Some key points in Carney’s New York Times op ed.

  • Amazon has added more jobs to the American economy over the last decade than any other employer.
  • Amazon’s core business, consumer retail, involves hundreds of thousands of employees who store, ship, and deliver billions of physical goods via airplanes, trucks, and vans around the world. We are not a social media company, a news aggregator or a forum for political advocacy (or disinformation).
  • We have hundreds of thousands of employees, and contractual relationships with hundreds of thousands of other businesses of all sizes; what we do can generate positive ripple effects across the country.
  • When Amazon raised our minimum wage to $15 an hour, we made sure that every warehouse worker, known as fulfillment center associates, got a pay increase. We have 500,000 employees in 40 states; when a company our size increases wages, competitors feel pressure to do the same for their own workers, or risk losing them.
  • We believe $15 should be the minimum anyone in the United States is paid for an hour of labor, and in most areas of the country our starting wage is even higher. More than 40 million Americans earn less than the lowest-paid Amazon associate. For many people, a job at one of our fulfillment centers is by far the best option available in their region. And we are proud of that—even as we agree that our political and business leaders must work together to create more and better options for all America’s workers.
  • Amazon has plowed $270 billion into the domestic economy since 2010. In economically struggling areas like Fall River, Mass., and the Inland Empire in California, our investments and hiring have helped lower the local unemployment rate and added hundreds of millions of dollars to local economies.
  • We compete fiercely with Silicon Valley companies to hire the best software engineers, computer science Ph.D.s, and data scientists. We offer generous health care and other benefits on top of highly competitive pay.
  • Amazon offers fulfillment center workers the chance to learn new skills and earn certificates in high-demand fields that offer better-paying job opportunities. Our Career Choice program prepays up to 95 percent of tuition and fees—making it almost free for employees to learn new skills.
  • Amazon is investing $700 million to provide training to 100,000 of our domestic employees by 2025. Once again, the scale of Amazon’s investment in its own work force will influence other major companies to follow suit.

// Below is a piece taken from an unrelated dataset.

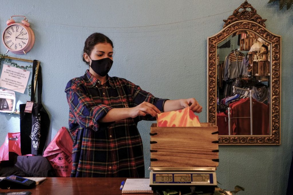 Quase como uma mercearia, também na Flamingo’s Vintage Kilo se vende moda feminina
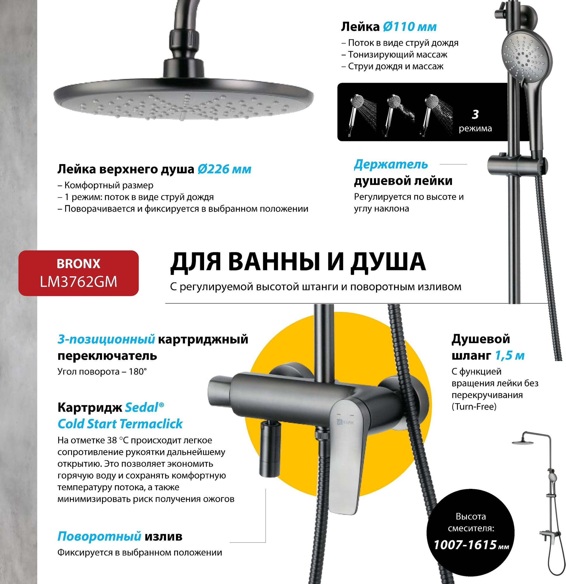 Душевая система Lemark Bronx LM3762GM - идеально подходит для ванной комнаты, выполненной в современном стиле.

We welcome scrutiny—from lawmakers, regulators and customers, because critics will at times have good ideas about how we, and other major companies, can do both more and better. But we also hope that, in examining what we already do, those critics acknowledge this: When it comes to creating jobs, raising wages, providing benefits and training employees for higher-paying jobs, Amazon is doing many good things—for the economy, and for American workers.